WHAT THE EXERCISE ASKS:
Each line from the one holding "지난해 12월 남구와" through the end of the records should be returned exactly, while pictures are skipped.

PROVIDED ENTRIES:
·····

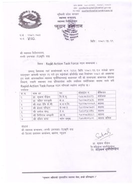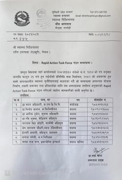 अस्पतालहरूका टोली यस प्रकार रहेका छन्: लुम्बिनी प्रदेशका सबै प्रादेशिक तथा जिल्ला अस्पतालमा आ–आफ्नो अस्पताल प्रमुख वा मेडिकल सुपरिटेन्डेन्टको नेतृत्वमा विशेषज्ञ चिकित्सक सहित ¥यापिड रेस्पोन्स टिम गठन गरिएको छ।
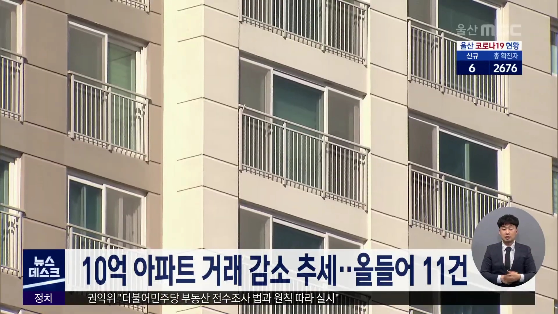 지난해 12월 남구와 중구가 조정대상지역으로 지정된 이후 10억 원 이상 아파트 거래가 크게 감소했습니다. 국토교육부 실거래가 공개시스템을 분석한 결과 올들어 5월까지 10억 원 이상에 거래된 아파트는 11건으로 한 달 평균 2건 정도 거래됐습니다. 남구 신정동이 9곳, 옥동과 우정동이 각각 1건으로 모두 조정대상지역...
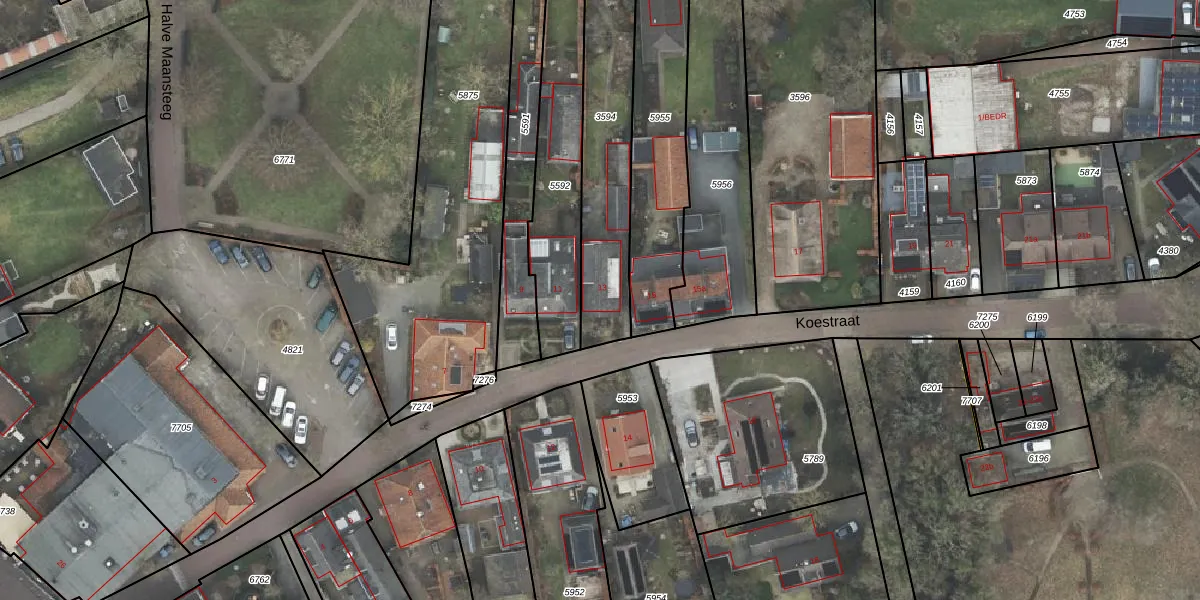 Het perceel waarop Koestraat 13 staat heeft een oppervlakte van 655 m². Dit is een groot perceel. De perceeloppervlakte wordt geregistreerd door het Kadaster. Gedetailleerde informatie over de maten van dit perceel kunt u vinden in het rapport Kadastrale kaart met maatvoering van Koestraat 13.
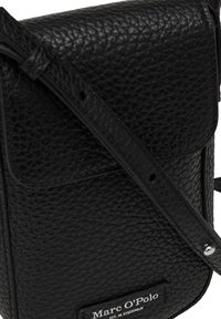 Schwarze Umhängetasche aus strukturiertem Leder mit Klappverschluss und verstellbarem Riemen, Marc O’Polo-Logo unten in der Mitte vorne.
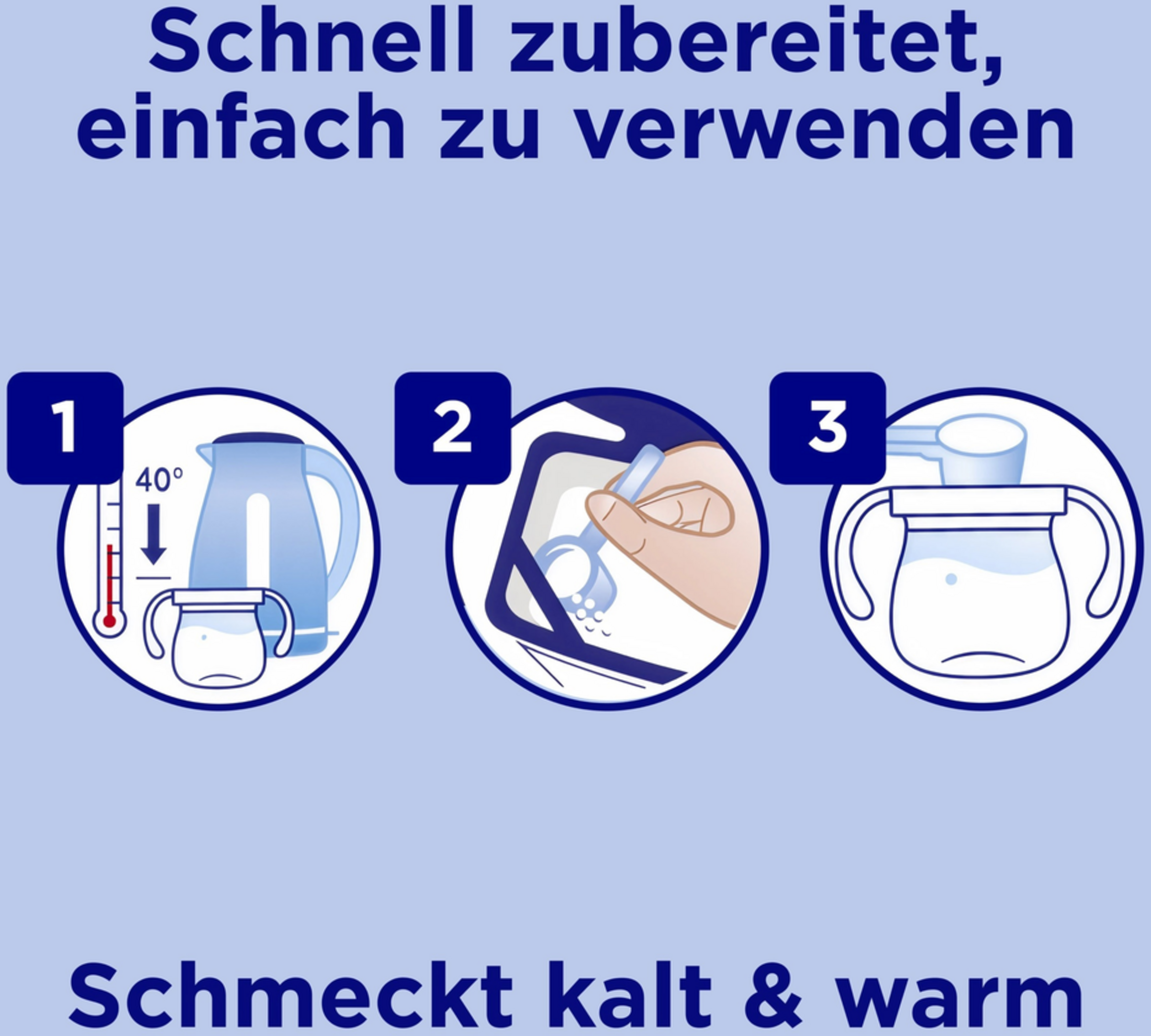 Beachten Sie bei der Zubereitung und Lagerung von Aptamil® Kindermilch 1+ genau die Gebrauchsanweisung. Bereiten Sie diese stets frisch zu und füttern Sie diese sofort. Nahrungsreste nicht wiederverwenden. Aptamil® Kindermilch 1+ kann warm oder kalt zubereitet werden. Erwärmen Sie Aptamil® Kindermilch 1+ nicht in der Mikrowelle (Überhitzungsgefahr).

·····

EXPECTED ANSWER:
 지난해 12월 남구와 중구가 조정대상지역으로 지정된 이후 10억 원 이상 아파트 거래가 크게 감소했습니다. 국토교육부 실거래가 공개시스템을 분석한 결과 올들어 5월까지 10억 원 이상에 거래된 아파트는 11건으로 한 달 평균 2건 정도 거래됐습니다. 남구 신정동이 9곳, 옥동과 우정동이 각각 1건으로 모두 조정대상지역...
 Het perceel waarop Koestraat 13 staat heeft een oppervlakte van 655 m². Dit is een groot perceel. De perceeloppervlakte wordt geregistreerd door het Kadaster. Gedetailleerde informatie over de maten van dit perceel kunt u vinden in het rapport Kadastrale kaart met maatvoering van Koestraat 13.
 Schwarze Umhängetasche aus strukturiertem Leder mit Klappverschluss und verstellbarem Riemen, Marc O’Polo-Logo unten in der Mitte vorne.
 Beachten Sie bei der Zubereitung und Lagerung von Aptamil® Kindermilch 1+ genau die Gebrauchsanweisung. Bereiten Sie diese stets frisch zu und füttern Sie diese sofort. Nahrungsreste nicht wiederverwenden. Aptamil® Kindermilch 1+ kann warm oder kalt zubereitet werden. Erwärmen Sie Aptamil® Kindermilch 1+ nicht in der Mikrowelle (Überhitzungsgefahr).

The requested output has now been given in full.